PROVIDED MATERIAL -
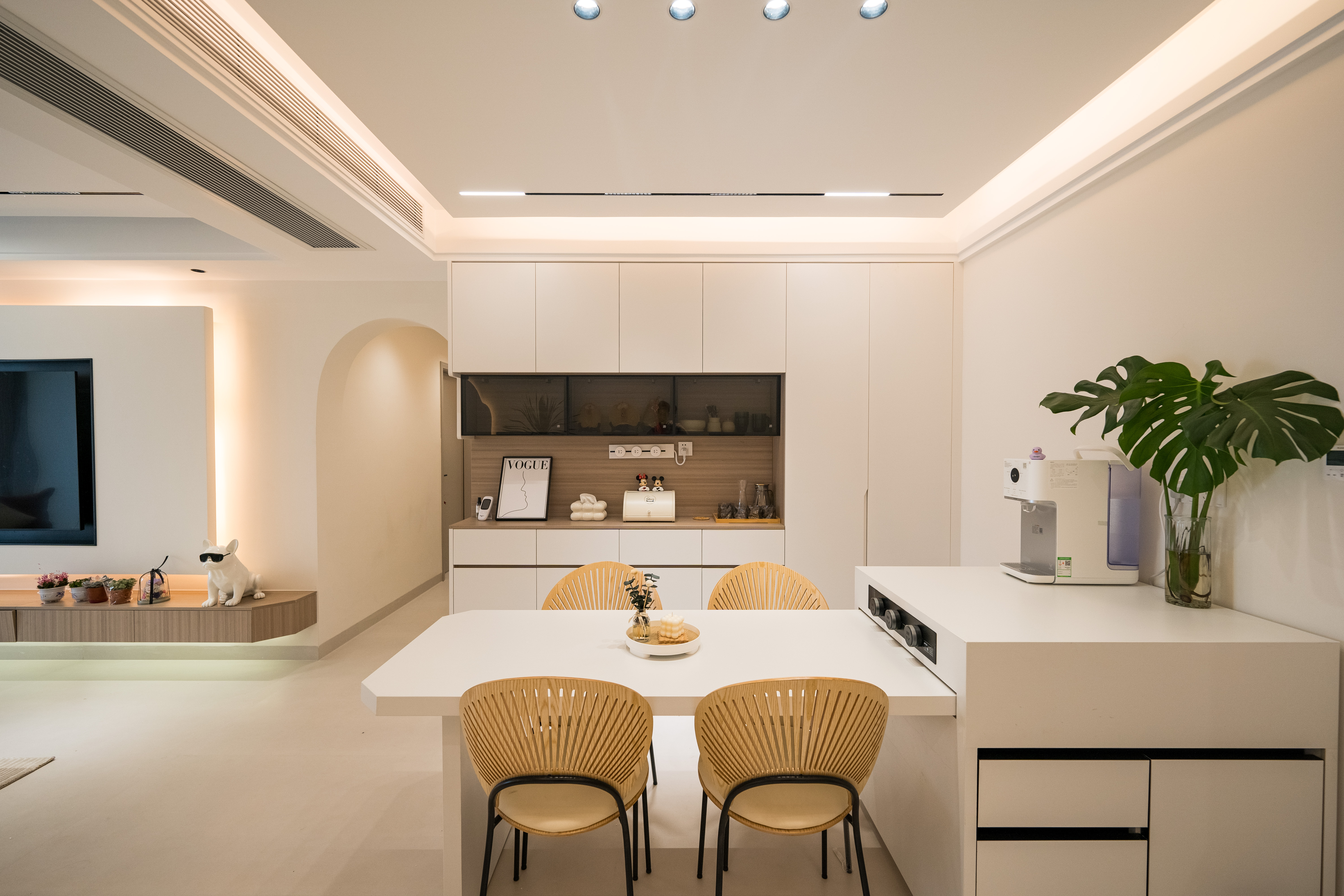 走进这处奶油风格的住宅,首先映入眼帘的是宽敞明亮的玄关。设计师巧妙利用空间,打造了一款简约而温馨的玄关柜。柜体采用奶油色调,搭配柔和的灯光,营造出一种温暖而舒适的氛围。地面铺设了柔软的地毯,为归家的家人带来一份贴心的关怀
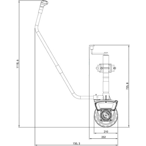 Con un enorme motor de 500 W inigualable por otros competidores, la rueda jockey es capaz de soportar una carga máxima del vehículo de 2722 kg.
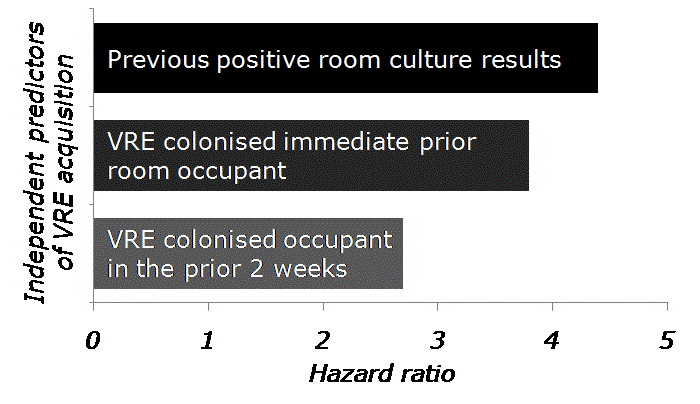 Also, one of the studies demonstrating that admission to a room previously occupied by a patient with VRE increases the chances of VRE acquisition identified something amounting to a ‘dose response’.5 The greatest increased risk was for patients admitted to a room with an environmental culture positive for VRE, and being admitted to a room where the immediate prior room occupant was colonized with VRE carried a greater increased risk than being admitted to a room where any patient in the 2 weeks prior to admission was VRE colonized (Figure 4).
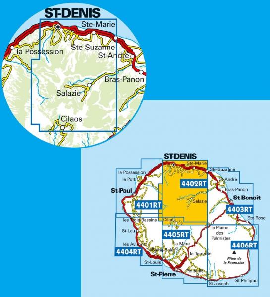 Kaarten en gidsen > Wandelen > Wandelkaarten > Afrika > Eilanden voor de Afrikaanse Oostkust > de kleine eilanden > Réunion > 4402RT St-Denis / Cirques de Mafate & Salazie, Reunion | wandelkaart 1:25.000

WORK TASK - Transcribe the whole listing, character for character, but not its images.

WRITTEN RESPONSE -
 走进这处奶油风格的住宅,首先映入眼帘的是宽敞明亮的玄关。设计师巧妙利用空间,打造了一款简约而温馨的玄关柜。柜体采用奶油色调,搭配柔和的灯光,营造出一种温暖而舒适的氛围。地面铺设了柔软的地毯,为归家的家人带来一份贴心的关怀
 Con un enorme motor de 500 W inigualable por otros competidores, la rueda jockey es capaz de soportar una carga máxima del vehículo de 2722 kg.
 Also, one of the studies demonstrating that admission to a room previously occupied by a patient with VRE increases the chances of VRE acquisition identified something amounting to a ‘dose response’.5 The greatest increased risk was for patients admitted to a room with an environmental culture positive for VRE, and being admitted to a room where the immediate prior room occupant was colonized with VRE carried a greater increased risk than being admitted to a room where any patient in the 2 weeks prior to admission was VRE colonized (Figure 4).
 Kaarten en gidsen > Wandelen > Wandelkaarten > Afrika > Eilanden voor de Afrikaanse Oostkust > de kleine eilanden > Réunion > 4402RT St-Denis / Cirques de Mafate & Salazie, Reunion | wandelkaart 1:25.000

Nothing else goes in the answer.